Simpson's paradox


Imagine I told you that the acceptance rate for women at a prestigious university was lower than for men. Sounds simple. Now imagine that, restricting our attention to each individual department in the university, the acceptance rate for women is higher than for men. How can this be? The answer, in this case, is that women apply to departments that have lower acceptance rates.

This is an example of Simpson’s paradox: the trend within each group (e.g., women having higher acceptance rates within each department) is the opposite of the trend overall (e.g., women having lower acceptance rates overall). There’s a nice visual explanation for this phenomenon. Imagine you’re interested in the relationship between the y and x variables. Within the two colored groups, increasing x goes with increasing y, but across all data points, the trend is reversed.

Wikipedia has a pretty good explanation (I lifted these examples from there). The usual conclusion I’ve gotten from hearing about Simpson’s paradox is that you need to know the important, extra division in the data to come to the right answer. For example, you need to know to separate the application data by department to see that the data aren’t showing a gender bias in admissions.

Simpson’s original paper also has a great example that shows how the opposite can be true, when it’s not clear whether you should use the aggregated or unaggregated data to come to your conclusion. He suggests that we imagine that there is some investigator who “wished to examine whether in a pack of cards the proportion of court cards (King, Queen, Knave) was associated with colour”. Imagine you didn’t know what was in a deck of cards: do you expect more royals among the black cards than among the red?

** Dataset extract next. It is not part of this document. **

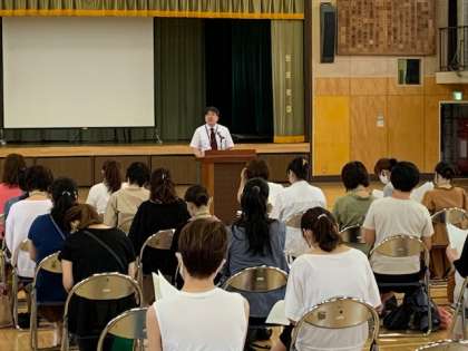7月15日、学年ごとに会場や時間差をつけて、全学年の保護者会を開催しました。

He suggests that we further imagine that “the pack which he examined was one with which Baby had been playing, and some of the cards were dirty.” (Who this capital-B Baby is is not described.) The investigator, being pretty ignorant about cards, records the royal-ness (i.e., face card or not), color, and dirtiness of each card.

The investigator finds these results:

Dirty Clean
Royal Plain Royal Plain
Red 4 8 2 12
Black 3 5 3 15

Interestingly, black cards are more likely to be royal among the dirty cards (\(3/5 = 60\%\) for black vs. \(4/8 = 50\%\) for red) and among the clean cards (\(3/15 = 20\%\) vs. \(2/12 = 17\%\)). However, if you collapse the dirty and clean cards, you find that there are 6 royal cards and 20 plain cards for both black and red. This “provides what we would call the sensible answer, namely, that there is no such association”.

Simpson then suggests that we change the labels to imagine that the investigator had actually done a medical experiment:

Male Female
Control Treatment Control Treatment
Recovered 4 8 2 12
Did not recover 3 5 3 15

Now it’s less clear what the “sensible” answer is. Men who got the treatment were more likely to recover than men who did not, and women who got the treatment than women who did not, but, overall, the people who got the treatment were just as likely to recover as those who did not.

Simpson concludes that “[t]he treatment can hardly be rejected as valueless to the race when it is beneficial when applied to males and to females.” In other words, we find it reasonable to expect that men might have a different recovery rate from women when untreated, and men might have a different recovery rate from women when treated, and that the relationship between those rates within each sex could be different.

The tricky question is to figure out when this kind of division is sensible. It was sensible to divide up participants in medical experiment by sex, but it wasn’t sensible to divide up a census of playing cards by their smudginess.